On Thursday (9/24/2015) I ran an experiment using the alcohol sterilization method I've been working with all summer on silver leaved nightshade leaves (S. elaeagnifolium). Four days later I knew there was a problem. On Monday I came back to lab and noticed that quadrants A-D all had 1-2 cm sized green, hilly fungal colonies growing on them, which is far too rapid of growth for endophytes.  Quadrant H also had a fungi growing on it that appeared similar to the one that digested my dead grasshopper. All the fungi were growing directly on the leaf suggesting it wasn't contamination introduced because of me but living on the surface of the plant. Based on the physical characteristics of these fungi, I believe they are species I've grown before.
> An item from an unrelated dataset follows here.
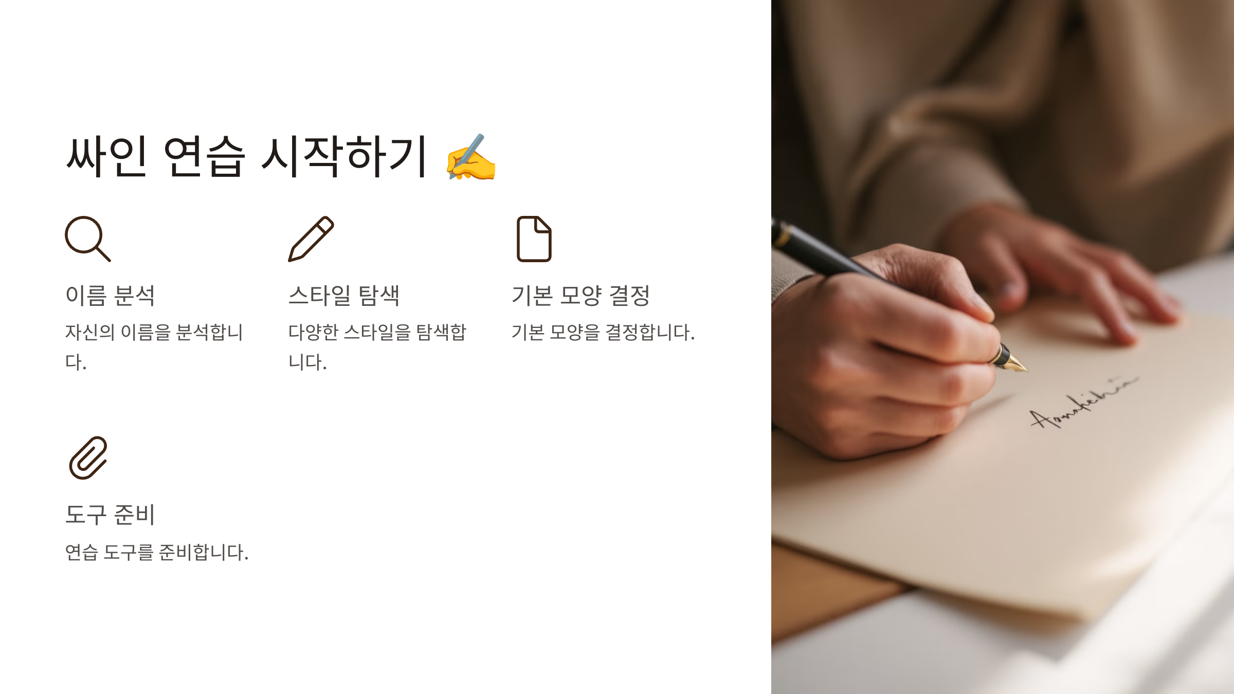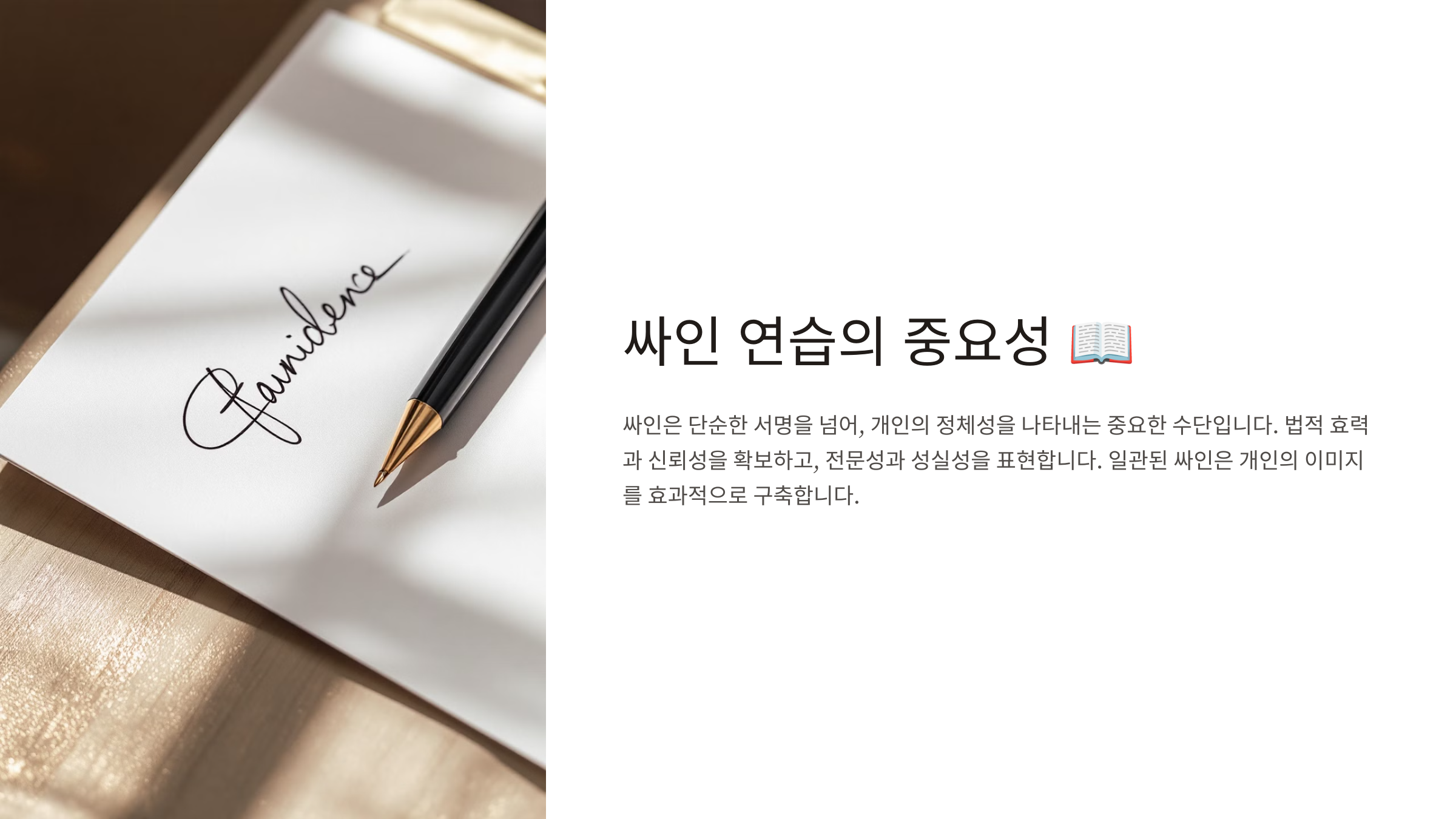 내가 생각했을 때, 싸인 연습의 핵심은 일관된 스타일 유지와 자연스러운 흐름이에요. 이제 손에 익을 때까지 쉽게 따라 할 수 있는 싸인 연습법을 배워볼까요? 🚀

I decided I needed to take a look at my chosen sterilant, 100% ethyl alcohol. When I asked Cori she said that, contrary to assumption, alcohol is a disinfectant not a sterilant, and even then it actually works better with a little water. Thus 70% alcohol is a better disinfectant than 100%. Clearly this isn't going to work the way I thought. I went back to the literature and decided to use bleach again, in the same manner as most current research. Last semester I had a problem with 1.25% bleach killing everything, including potential endophytes, so to find a concentration to work with in the future, I decided to make multiple strength bleach solutions and test which concentration would surface sterilize without penetrating the interior of the leaf. I await conclusive results but nothing has grown on any plates yet, a good sign.

I need to take more photos of my plates so I can remember what these fungi look like, even if they are contaminates. If I remember correctly the microscope photos I took were of spores from green contaminates I grew over the summer.


I made some photos of my plates. This is what I keep growing that looks like contamination:

This is what looks like the same thing that ate the grasshopper: It has the same black spores that bunch in heads and white mycelium.